* **DATASET EXTRACT**:
<<<<

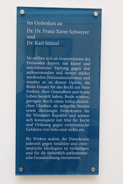 Das Ministerium ehrt beide früheren Minister nun mit einer Gedenktafel, auf der der "tiefe christliche Glaube" betont wird, der Schweyer und Stützel trug; diese wurde im Ehrengang des Innenministeriums angebracht.
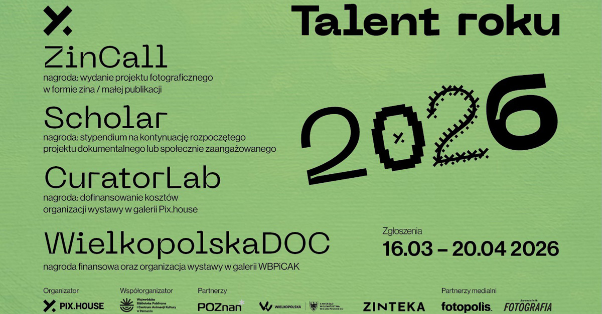 Galeria Pix.house w Poznaniu zaprasza do udziału w konkursie "Talent Roku 2026" który wspiera rozwój projektów fotograficznych i tworzy przestrzeń dla opowieści o człowieku i współczesnym świecie. Termin nadsyłania prac upływa 20 kwietnia 2026 roku. Rozstrzygnięcie konkursu nastąpi do 18 maja 2026 roku.
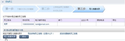 如果列表中顯示的信息正確無誤,即可點擊“導(dǎo)入到通訊錄”按鈕完成自定義通訊錄的操作。

>>>>

* **WHAT TO WORK ON**: With the pictures omitted, the material is to be transcribed exactly.

* **RESPONSE TO THIS EXERCISE**:
 Das Ministerium ehrt beide früheren Minister nun mit einer Gedenktafel, auf der der "tiefe christliche Glaube" betont wird, der Schweyer und Stützel trug; diese wurde im Ehrengang des Innenministeriums angebracht.
 Galeria Pix.house w Poznaniu zaprasza do udziału w konkursie "Talent Roku 2026" który wspiera rozwój projektów fotograficznych i tworzy przestrzeń dla opowieści o człowieku i współczesnym świecie. Termin nadsyłania prac upływa 20 kwietnia 2026 roku. Rozstrzygnięcie konkursu nastąpi do 18 maja 2026 roku.
 如果列表中顯示的信息正確無誤,即可點擊“導(dǎo)入到通訊錄”按鈕完成自定義通訊錄的操作。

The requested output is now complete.